— Required work —
Write the listing out again word for word, leaving each picture behind.

— Supplied material —
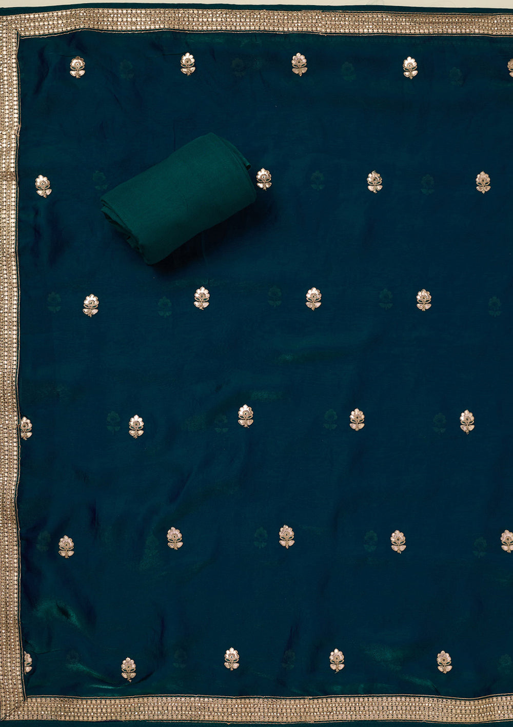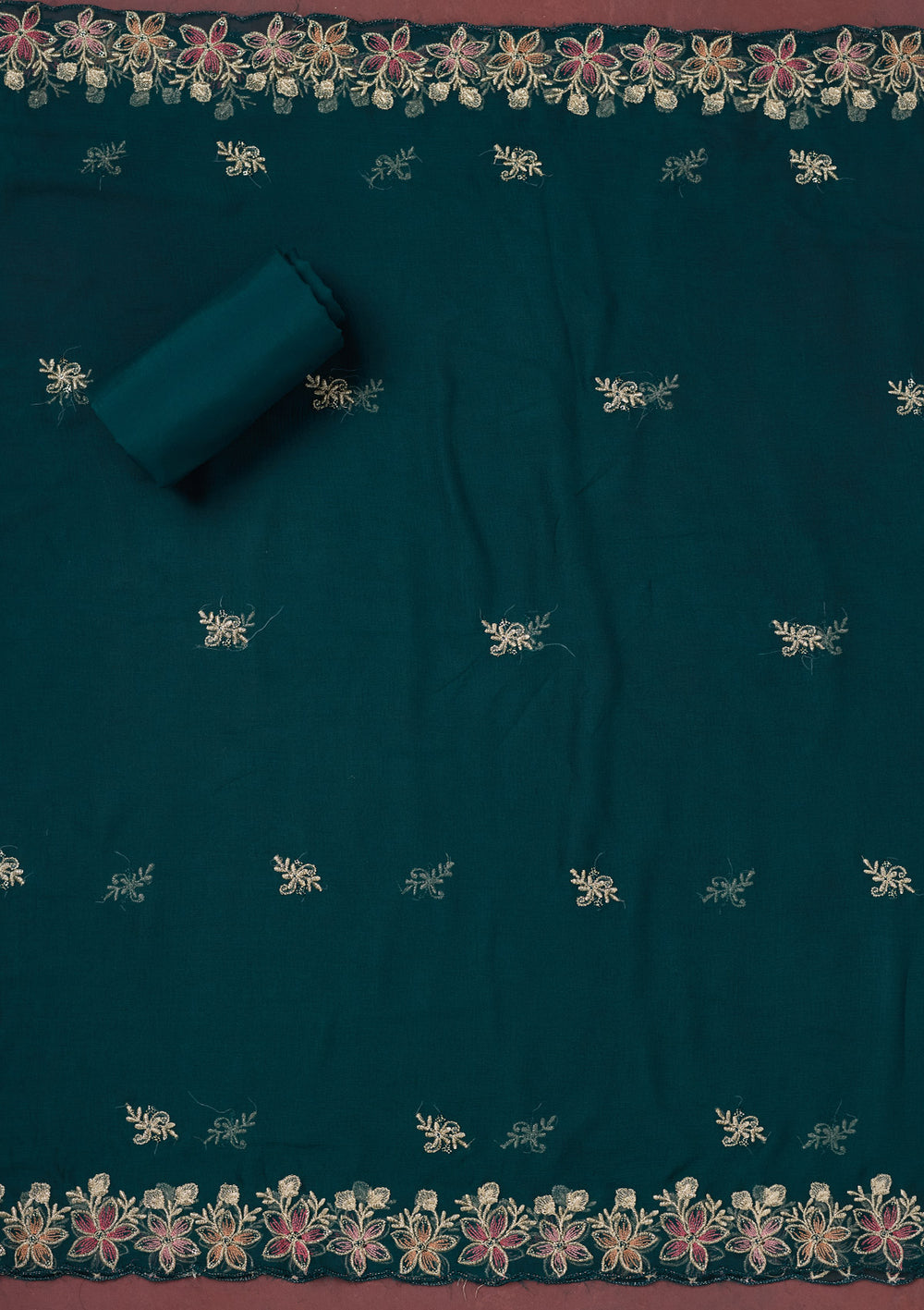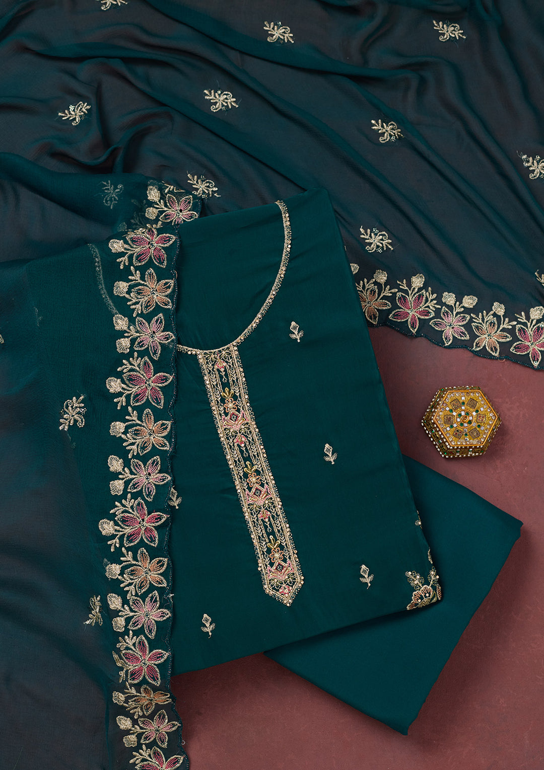| Peacock Blue Zariwork (Silver) Semi Crepe Unstitched Salwar Suit | ₹ 3,992 | |
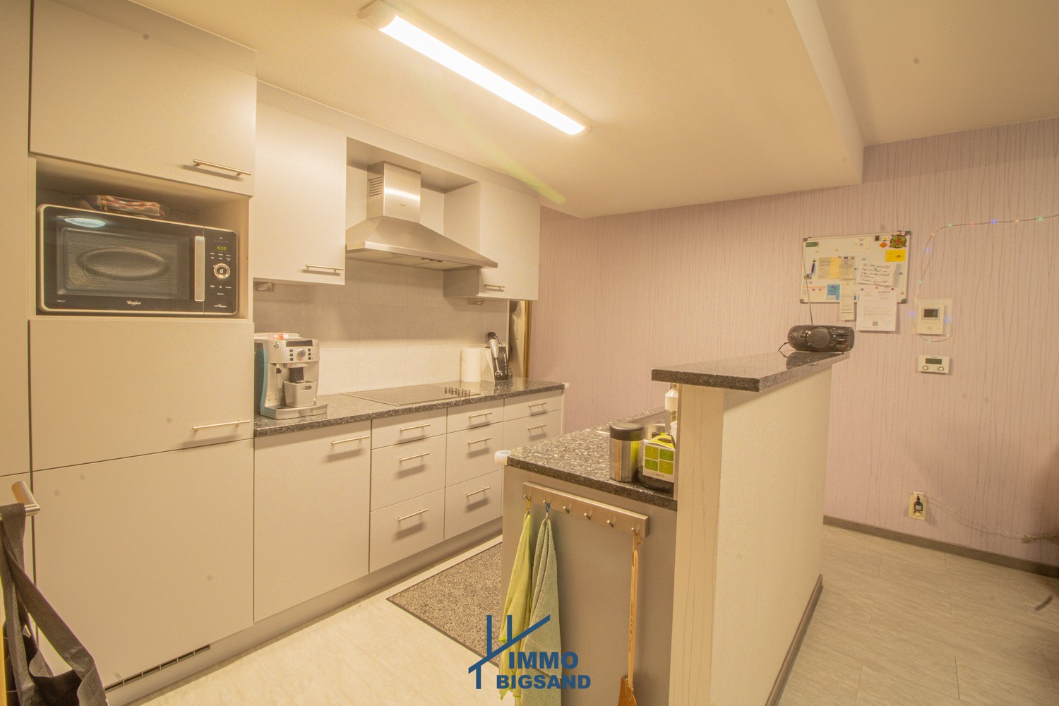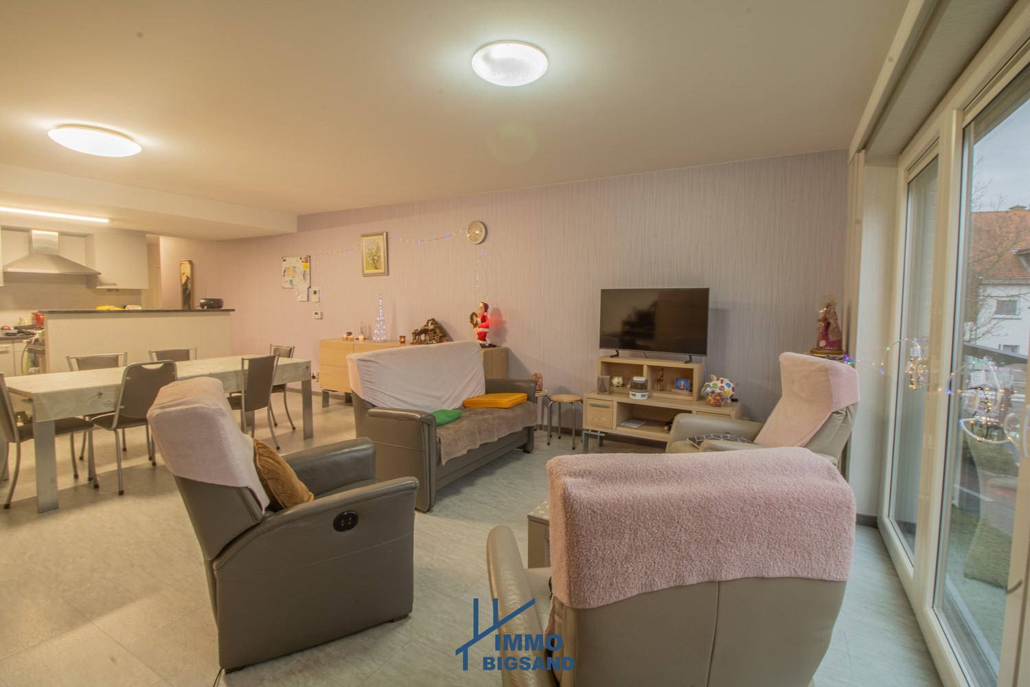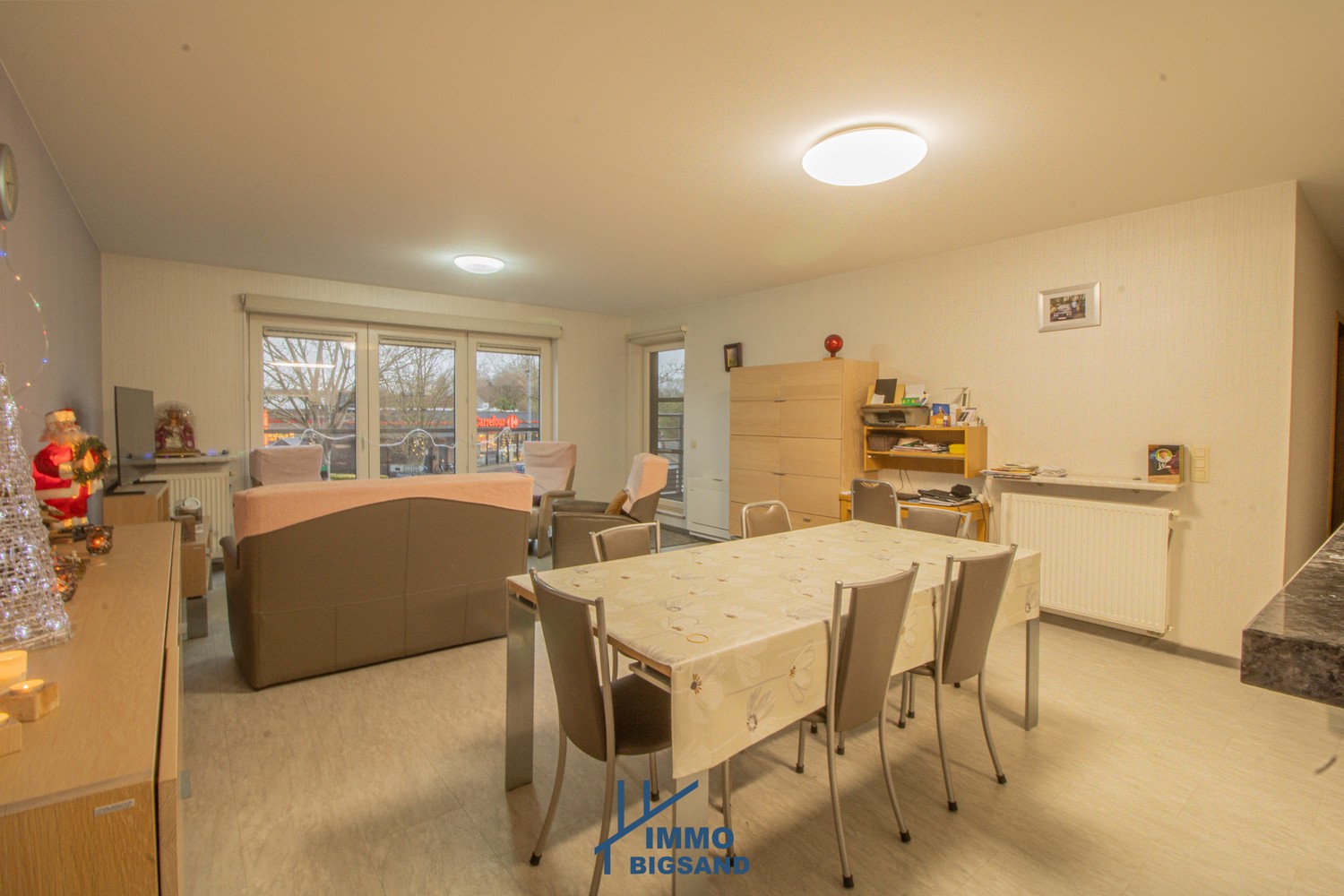 De lichtrijke leefruimte sluit naadloos aan op een mooie, volledig uitgeruste keuken en een praktische inkomhal. Er zijn twee slaapkamers, waarvan één momenteel werd ingericht als ruime dressing en een uitgeruste badkamer met inloopdouche en wastafel.
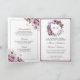 Surpreenda seus convidados com este convite de casamento elegante e completo, apresentando belas flores roxas discretas e tipografia moderna com Código QR para RSVP online.
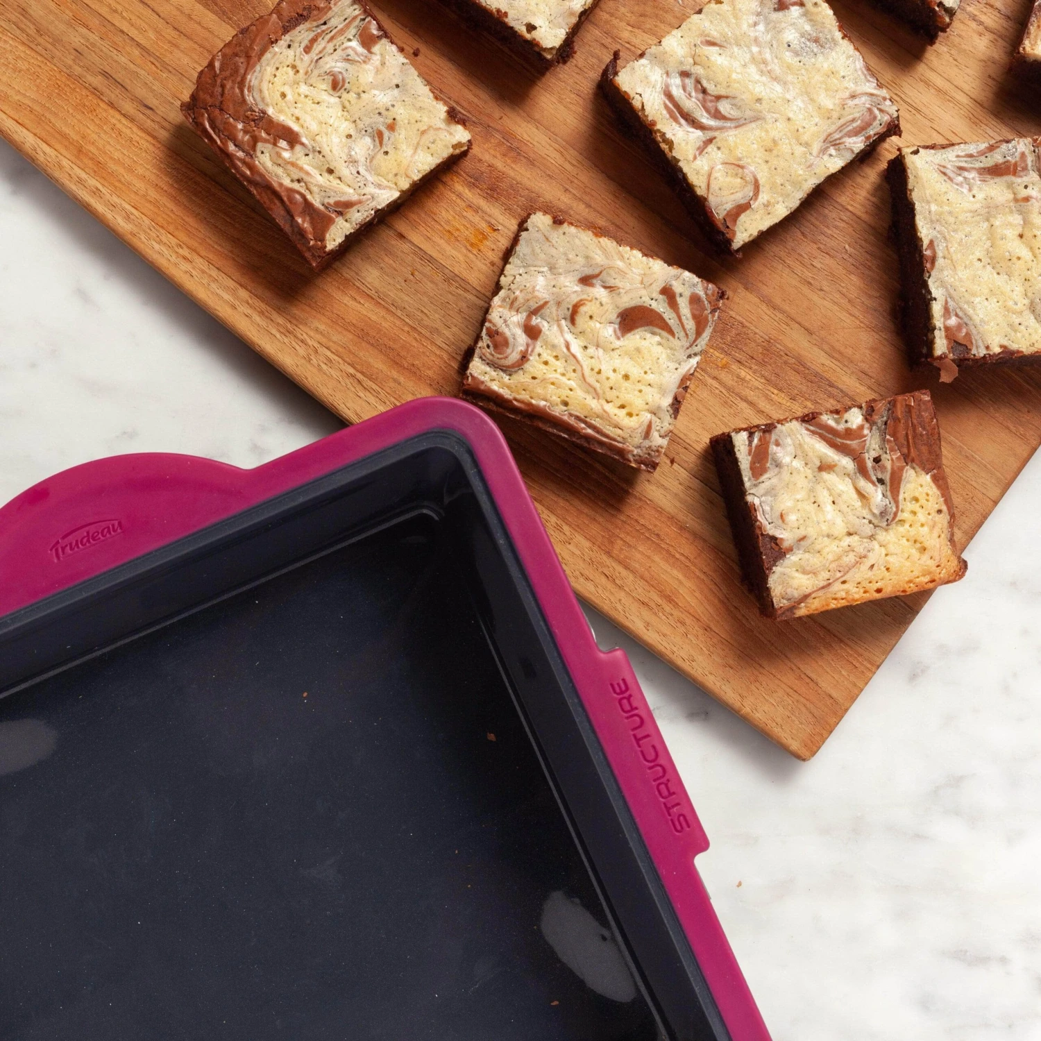 Materials: Silicone, steel[/accordion] Care and Use [/title] Oven safe up to 428°F/220°C, freezer safe and dishwasher safe. Do not microwave.[/accordions-break]Not only does Trudeau use top-notch silicone, but the producer also integrated a sturdy steel frame that gives it much more structure than other brands of bakeware. [/banner_heading]It won’t flop going in and out of the oven or as you fill it—so there won’t be any crying over spilt batter.[/banner-text-break]Use to make our Tahini Swirl Brownies (square) or our Tangerine Almond Cake with Bay-Infused Syrup (round).[/how-to-use-break]Oven safe up to 428°F/220°C, freezer safe and dishwasher safe. Do not microwave.

— Answer space —
| Peacock Blue Zariwork (Silver) Semi Crepe Unstitched Salwar Suit | ₹ 3,992 | |
 De lichtrijke leefruimte sluit naadloos aan op een mooie, volledig uitgeruste keuken en een praktische inkomhal. Er zijn twee slaapkamers, waarvan één momenteel werd ingericht als ruime dressing en een uitgeruste badkamer met inloopdouche en wastafel.
 Surpreenda seus convidados com este convite de casamento elegante e completo, apresentando belas flores roxas discretas e tipografia moderna com Código QR para RSVP online.
 Materials: Silicone, steel[/accordion] Care and Use [/title] Oven safe up to 428°F/220°C, freezer safe and dishwasher safe. Do not microwave.[/accordions-break]Not only does Trudeau use top-notch silicone, but the producer also integrated a sturdy steel frame that gives it much more structure than other brands of bakeware. [/banner_heading]It won’t flop going in and out of the oven or as you fill it—so there won’t be any crying over spilt batter.[/banner-text-break]Use to make our Tahini Swirl Brownies (square) or our Tangerine Almond Cake with Bay-Infused Syrup (round).[/how-to-use-break]Oven safe up to 428°F/220°C, freezer safe and dishwasher safe. Do not microwave.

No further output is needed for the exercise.